Irrespective of the following limitations of warranty, the statutory claims of the customer for defects shall remain unaffected in the case of damages resulting from injury to life, body or health or from the breach of a material contractual obligation, the fulfilment of which is essential for the proper execution of the contract and on the observance of which the contractual partner may regularly rely (cardinal obligation), as well as in the case of other damages based on an intentional or grossly negligent breach of duty by RNT or its vicarious agents.

In addition, the customer's claims for defects shall be limited as follows:

  • The warranty period shall be one year from delivery (purchase contract/work delivery) or acceptance (work contract).
  • Any warranty is excluded if the customer himself changes the delivered product or parts thereof without the consent of RNT or has it changed by third parties and the elimination of the defect is thereby made impossible or unreasonably difficult. In any case, the customer shall bear the additional costs incurred thereby.

Before carrying out removal of defects, the customer shall be responsible for removing all components and products not installed by RNT and for making backup copies of files and programmes.

§ 11 Liability

RNT shall be liable for damages resulting from intentional or grossly negligent breach of contract as well as for damages resulting from slightly negligent breach of essential contractual obligations. In the latter case, the liability of RNT shall be limited to the damage typically foreseeable at the time of conclusion of the contract. RNT shall not be liable for slightly negligent breach of insignificant contractual obligations. RNT shall be liable for consulting services only to the extent that the question concerned the content of the offer.

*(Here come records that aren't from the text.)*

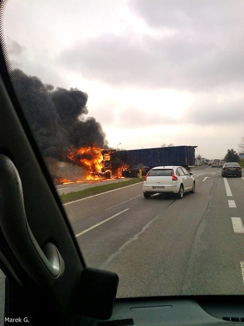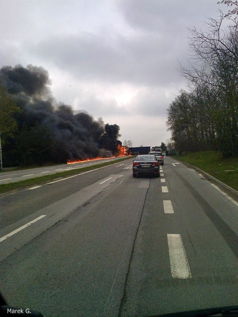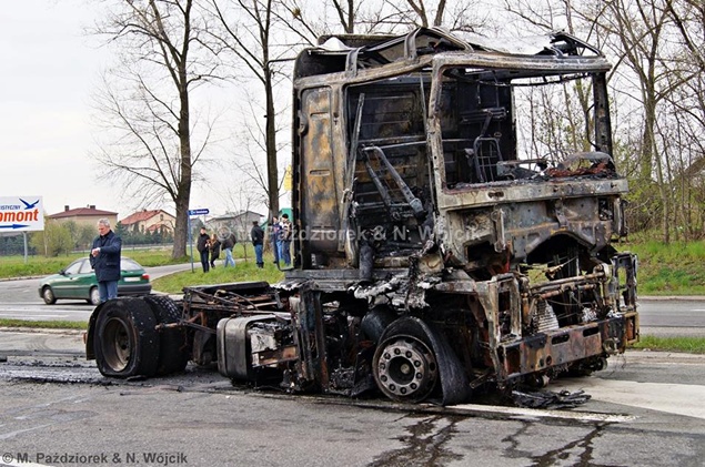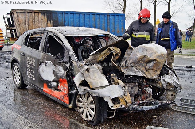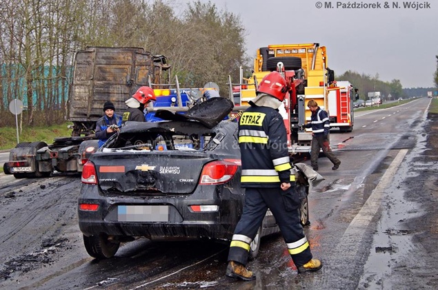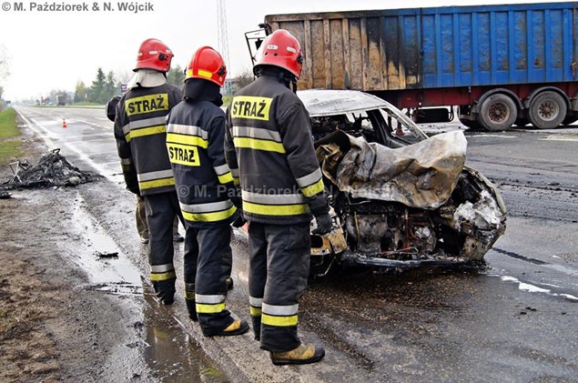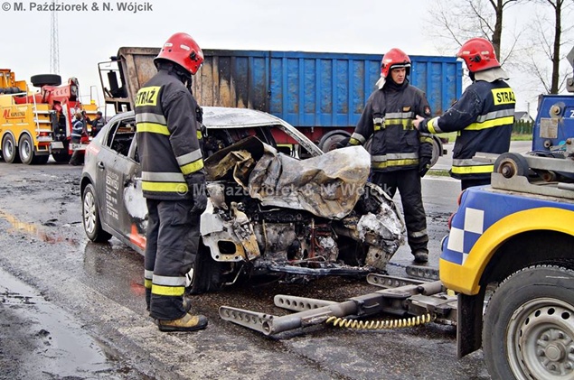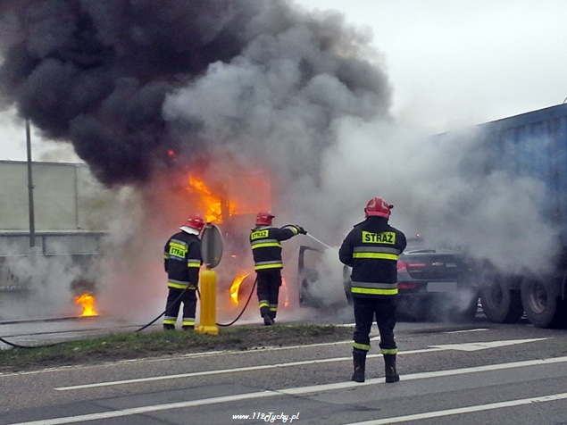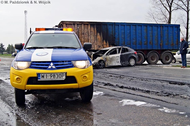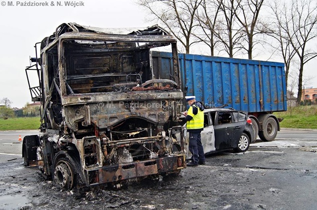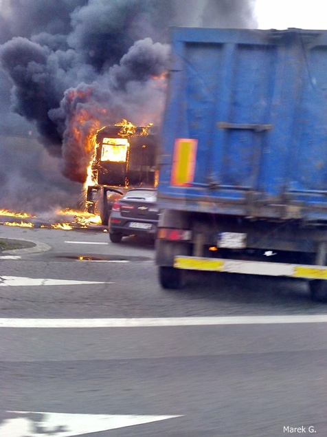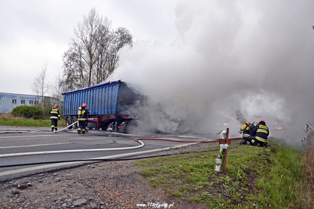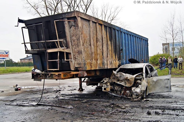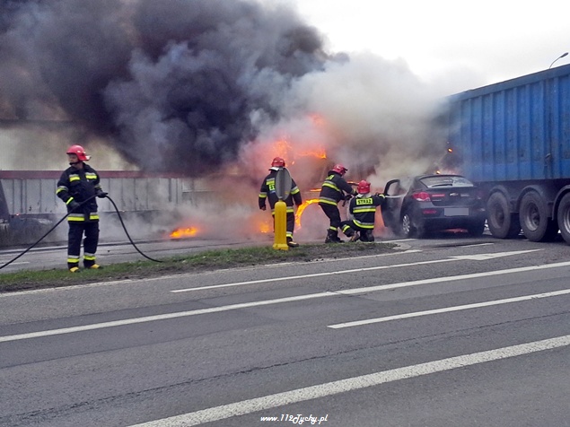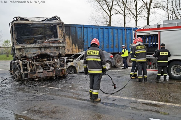 16 kwietnia około godziny 14.30 na ul. Turyńskiej w ciągu DK 44 doszło do groźnego wypadku drogowego. W wypadku udział brały samochód ciężarowy Renault Magnum z naczepą i samochód osobowy Chevrolet Cruze. Po zderzeniu obydwa pojazdy zapaliły się. Na miejsce skierowane zostały trzy zastępy z JRG Tychy (GBA, GCBA, SCRt) i jeden zastęp z ZSP SIRIO (GBA), karetka pogotowia i patrol WRD KMP Tychy.Droga w obydwu kierunkach została całkowicie zablokowana. Kierująca samochodem osobowym w ciężkim stanie została zabrana do szpitala. Kierującemu samochodem ciężarowym nic się nie stało. Dodatkowo wyciekające paliwo spowodowało pożar trawy na poboczu drogi. Działania strażaków polegały dodatkowo na zabezpieczeniu terenu działań oraz pomocy w usuwaniu uszkodzonych pojazdów z drogi. Ze względu na skutki wypadku na miejsce przyjechali również policyjni technicy. Po zakończeniu działań spalone pojazdy zostały usunięte z drogi przez przybyłe na miejsce holowniki. Ze wstępnych ustaleń wynika, że kierujący samochodem ciężarowym zawracał w miejscu niedozwolonym. Dokładniejsze okoliczności tego wypadku wyjaśniają tyscy policjanci. Na miejscu nadal pracują strażacy, którzy przy użyciu sorbentu i sintanu usuwają zanieczyszczenia z jezdni. Ruch w kierunku Bierunia nadal odbywa się objazdami.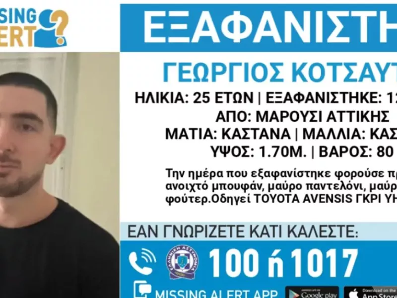 Νεκρός βρέθηκε ο 25χρονος Γιώργος Κοτσαύτης, τα ίχνη του οποίου είχαν χαθεί από το Μαρούσι από τις 12 Ιανουαρίου. Η σορός του εντοπίστηκε το βράδυ της Πέμπτης σε οικοδομή στην Αγία Παρασκευή, βάζοντας τέλος στην αγωνία που βίωνε η οικογένειά του επί ημέρες.
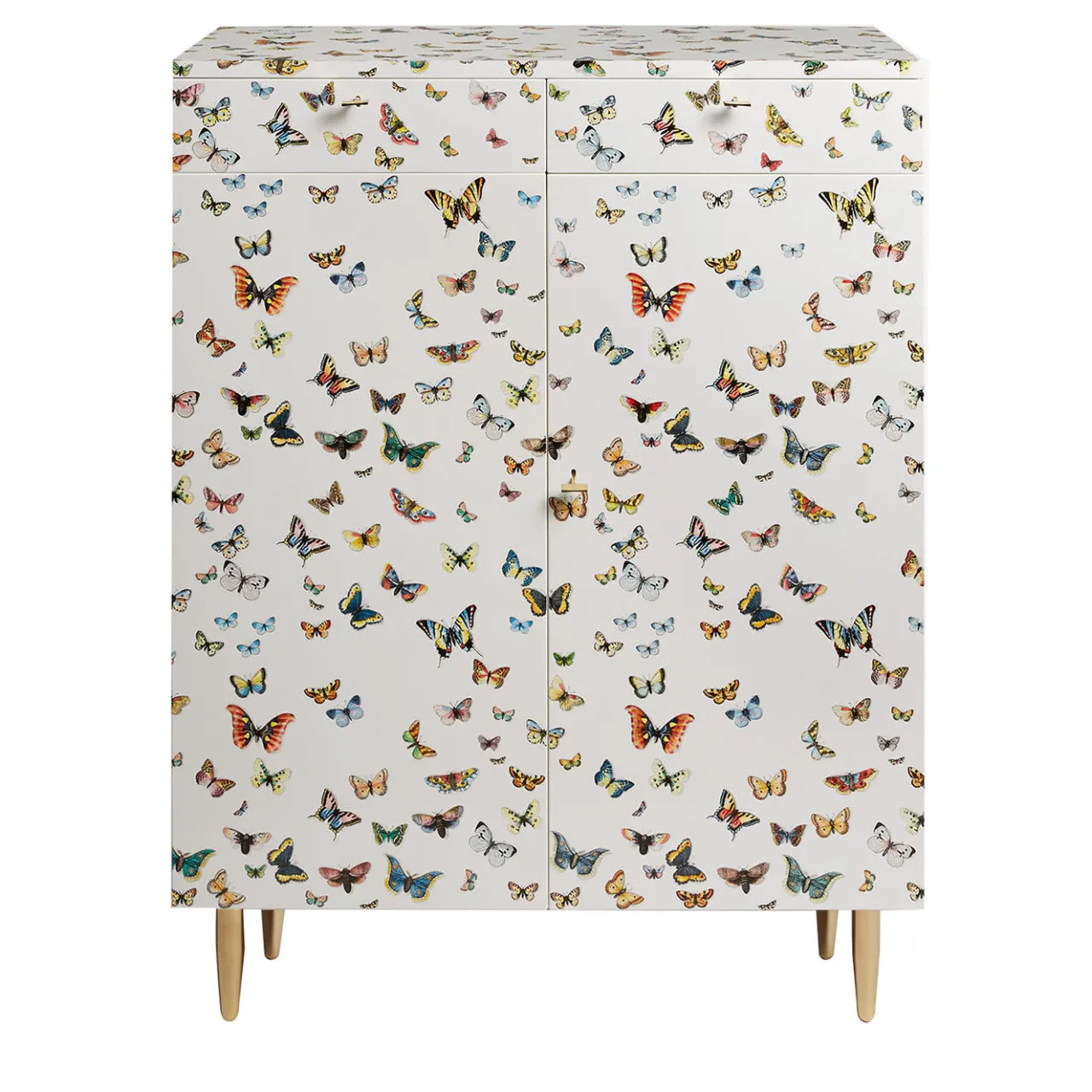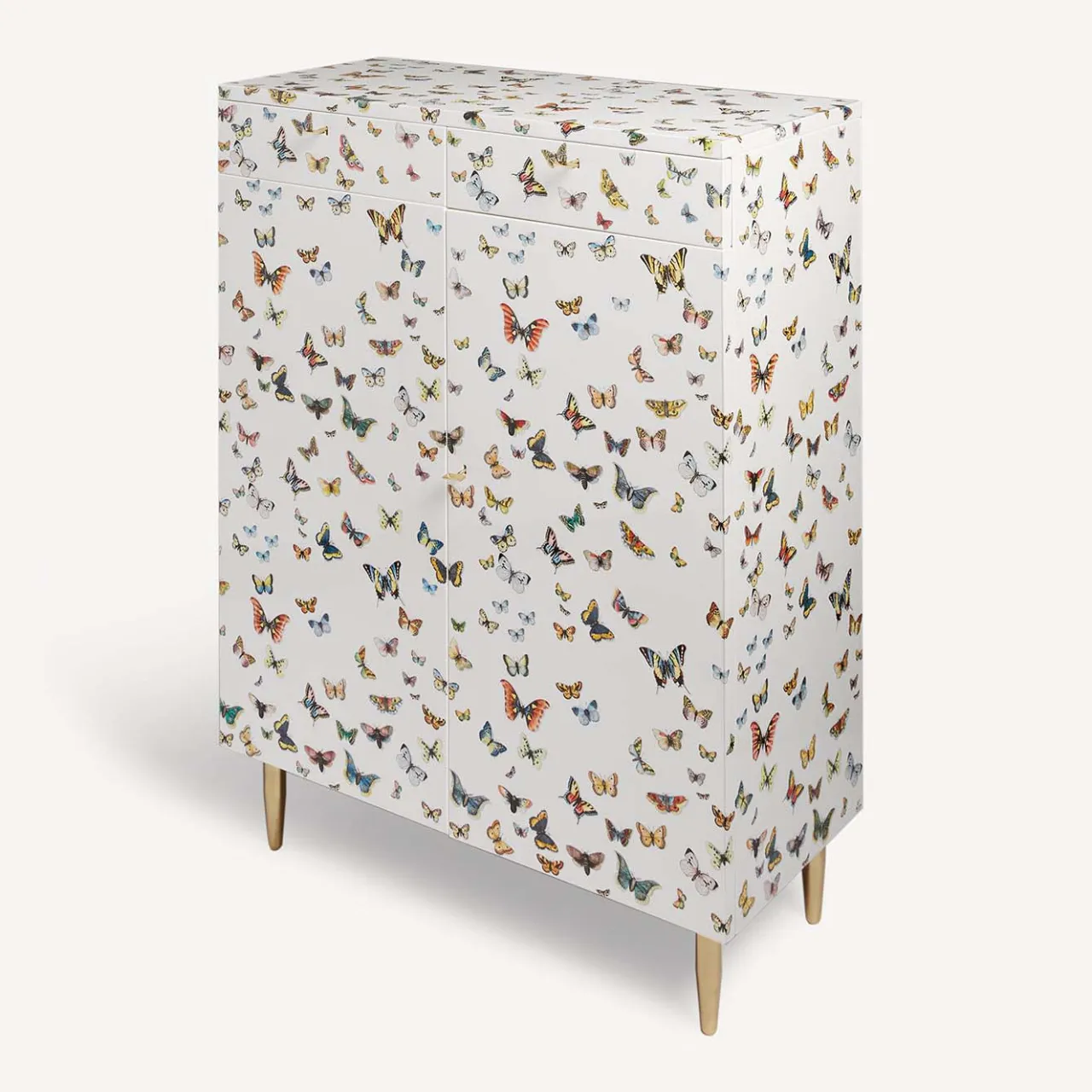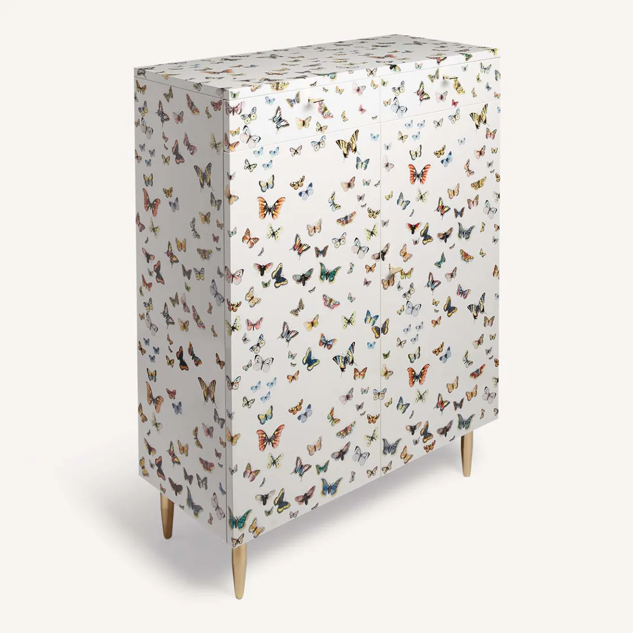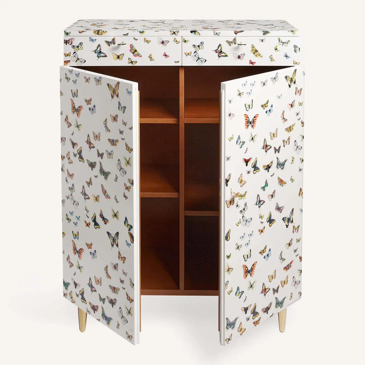Un grazioso stormo di farfalle si staglia sullo sfondo bianco di questo mobile, che sembra quasi trasportarlo verso il cielo con la forza dell’immaginazione. Serigrafato, dipinto e laccato a mano, il mobile è dotato di gambe in ottone massiccio, due cassetti e due comode ante a battente. Eventuali piccole differenze tra creazioni simili sono il risultato della lavorazione artigianale e testimoniano l’unicità di ogni prodotto.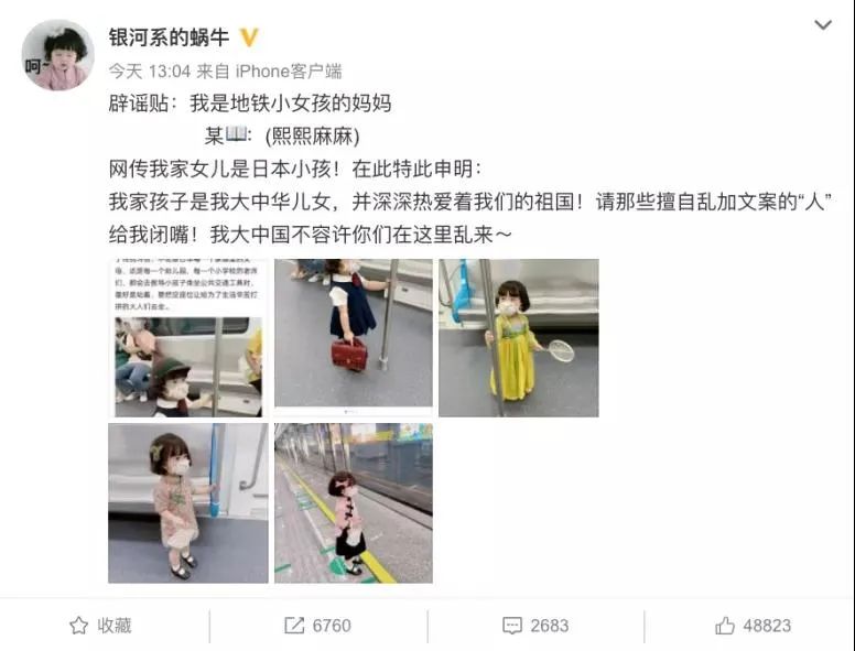 名為“銀河系的蝸牛”的播主正義凜然地宣告:“網傳我家女兒是日本小孩!在此特此申明:我家孩子是我大中華兒女,並深深熱愛着我們的祖國!請那些擅自亂加文案的‘人’給我閉嘴!我大中國不容許你在這裏胡來。”愛國錚錚,僅至截圖時,已獲48823個贊。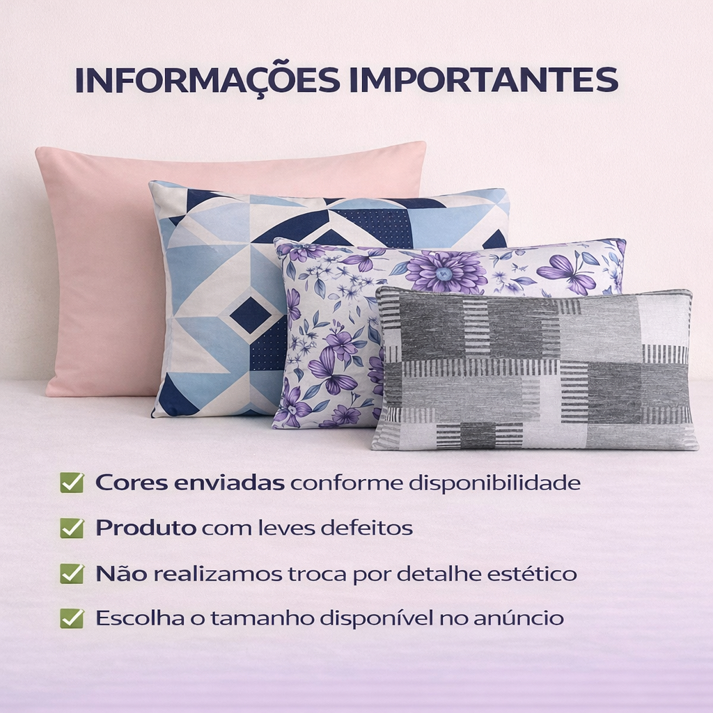 🛏 KIT COM 3 PARES DE FRONHAS – LINHA OPORTUNIDADE COM LEVES DEFEITOS Somos fábrica e estamos disponibilizando um lote especial de fronhas com leves defeitos estéticos, por valor promocional. Uma excelente oportunidade para renovar o enxoval pagando menos. 📦 O QUE VOCÊ RECEBE: ✔ Kit com 3 PARES de Fronhas (6 unidades) ✔ Modelo Envelope ✔ Cores e estampas enviadas de forma sortida conforme disponibilidade ✔ Escolha o tamanho disponível no anúncio 📏 MEDIDAS: 📐 50cm x 70cm + aba envelope (Verifique o tamanho disponível no anúncio antes de finalizar a compra.) 🧵 COMPOSIÇÃO DO TECIDO: ✔ Malha 100% Poliéster ✔ Gramatura 135 ✔ Fio 30/1 PP Vortex Tecido resistente, macio e com tecnologia que não forma bolinhas com facilidade. ⚠ SOBRE OS LEVES DEFEITOS Os produtos podem conter pequenos detalhes estéticos, como: • Mancha pequena de óleo • Conserto em overlock • Estampa fora de encaixe • Pequena falha de costura ❗ Os defeitos NÃO interferem no uso ❗ Produto funcional normalmente ❗ INFORMAÇÕES IMPORTANTES • As cores são enviadas de forma sortida • Não realizamos troca por detalhe estético • Venda promocional de lote especial Ao finalizar a compra, o cliente declara estar ciente das condições do produto. 💡 IDEAL PARA: ✔ Uso diário ✔ Enxoval reserva ✔ Casa de praia ✔ Airbnb ✔ Quem busca economia com funcionalidade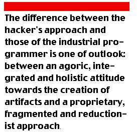 This does not mean that hackers are oblivious to such staple engineering practices as object oriented programming and information hiding. These and other sound engineering practices are routinely employed when hackers create complex software systems. But the difference between the hacker's approach and those of the industrial programmer is one of outlook: between an agoric, integrated and holistic attitude towards the creation of artifacts and a proprietary, fragmented and reductionist one.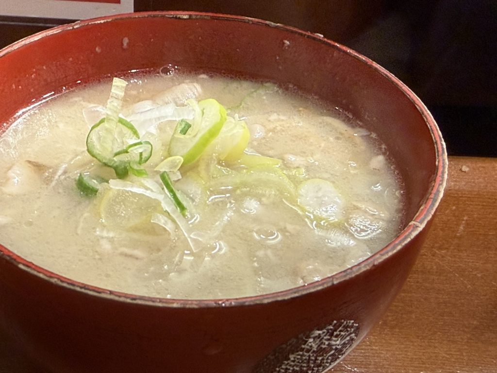 豚汁は麦味噌を使っていて、まろやかで甘い味わい。実に美味いですな。大根、牛蒡、豚肉がごろごろ入っていますよ。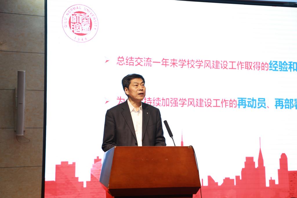 林松柏强调,全校上下要提高站位,不辱使命,对学风建设重要性“再认识”。学风建设与高校人才培养目标、学校发展理念、学生全面发展的诉求均具有高度一致性,要培养担当民族复兴大任的时代新人,需要以深入推进学风建设为切入点,着力构建具有齐鲁师院特色的学风建设体系,助推学校各项改革事业全面、持续发展。要科学导向,以文化人,对学风建设目标“再深化”。切实发挥“七个提高”“四个减少”和“两个为零”目标的科学导向,将宏观与微观、目标与手段、激励与考核相统一;强化“以文化人”理念引领,在“学”字上做文章,加强认知与认同,在“合”字上下功夫,推进贯穿与融入,在“行”字上求实效,注重践行与示范。要创新探索,落细落实,对学风建设举措“再推进”。打造好“学风引领计划”这一品牌的特色和亮点,突出先进典型的示范引领作用,开创榜样育人新模式;用好教书育人第一课堂、素质提升第二课堂、网络思政第三课堂,将课内课外、线上线下、校内校外有机结合,筑牢教育教学主阵地;抓好教师、管理人员、学生骨干“三支队伍”,融教书育人、管理育人、朋辈育人为一体,形成合力育人新生态;培育良好校园、班级、公寓、社团“四类文化”,传承弘扬学校文化传统和人文精神,践行“博学明道,崇德象贤”校训精神,营造良好学风环境。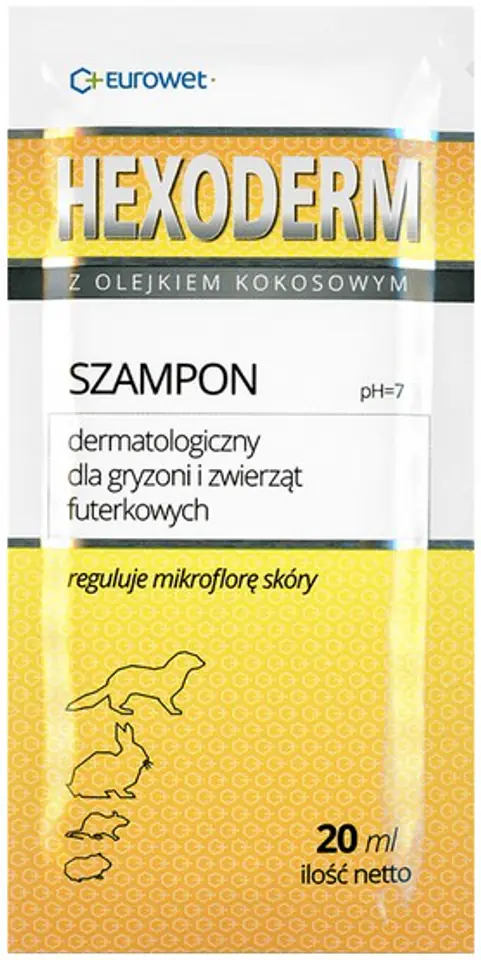 Hexoderm dla gryzoni i zwierząt futerkowych jest dermokosmetykiem weterynaryjnym, regulującym mikroflorę skóry, stabilizującym jej pH oraz zapobiegającym wysuszaniu poprzez pozostawienie cienkiej warstwy tłuszczowo-białkowej. Zawarte w płynie łagodne środki myjące pozwalają na jego częste stosowanie.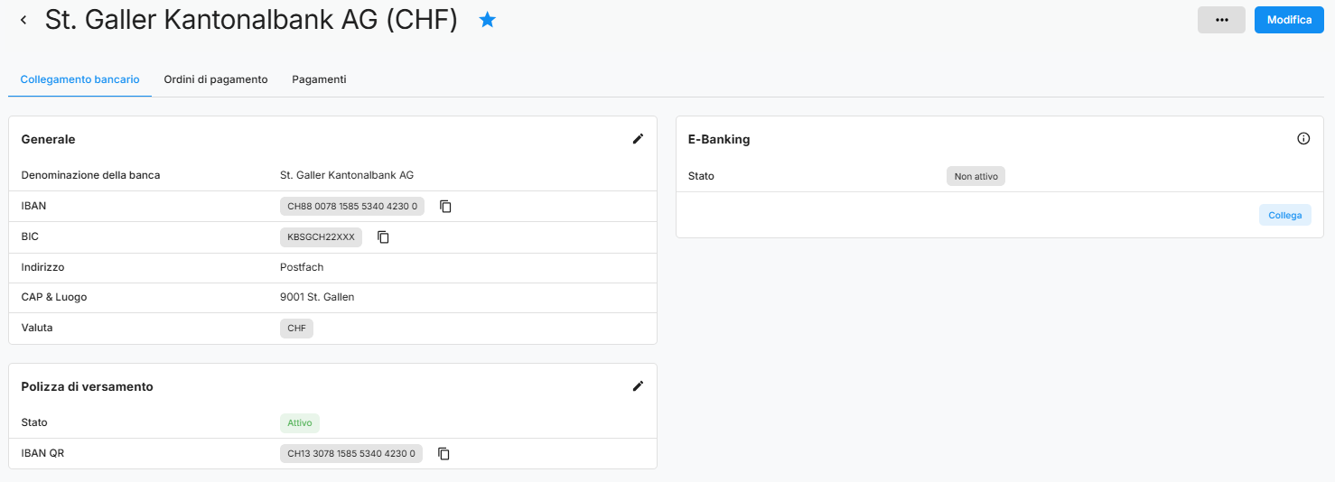 Nella nuova visualizzazione è possibile vedere a colpo d'occhio tutti i conti bancari attivi e inattivi. Ogni conto viene visualizzato con dettagli importanti come il nome (logo) della banca, l'IBAN, la valuta e lo stato del collegamento all'e-banking. Per i singoli conti è possibile visualizzare e gestire direttamente gli ordini di pagamento in sospeso e i pagamenti eseguiti.

The customer shall be obliged to prevent unintentional changes to his data or their loss by means of regular, at least daily data backups. In particular, before any intervention in his existing hardware and software system, he shall take the measures for data backup that are possible and reasonable according to the latest state of the art and for protection against unintentional data changes or data loss. If the customer fails to take these measures, RNT's liability shall be limited only to the amount of the expenditure for restoring the changed or lost data from a proper, in particular machine-readable data backup.

The liability of RNT for damages from injury to life, body or health due to culpable and for other damages due to at least grossly negligent breach of duty shall remain unaffected by the limitations of liability in this paragraph. A breach of duty and a fault of RNT shall be equivalent to those of the legal representatives or vicarious agents.

§ 12 Declarations

Legally relevant declarations and notifying customers to RNT shall require text form.

§ 13 Confidentiality

The parties undertake to maintain silence for an indefinite period of time about all circumstances that they receive in connection with the conclusion and execution of the contract and to use the information obtained exclusively within the framework and for the purposes of the performance of the contract. Excluded from this obligation of secrecy are such circumstances which are or become publicly known. The contractual partners may only make the contents of the contract available to employees and/or other third parties to the extent that this is necessary for the performance of the contract.

§ 14 Final provisions

Exclusive place of jurisdiction for all disputes arising from and in connection with this contract is Karlsruhe, Germany. The law of the Federal Republic of Germany shall apply exclusively, excluding the provisions of the uniform UN Convention on Contracts for the International Sale of Goods and excluding German international sales law. Should provisions of these Shop GTC and/or the contract be or become invalid in whole or in part, this shall not affect the validity of the remaining provisions. In place of the ineffective provision(s), the respective legal regulation shall then apply.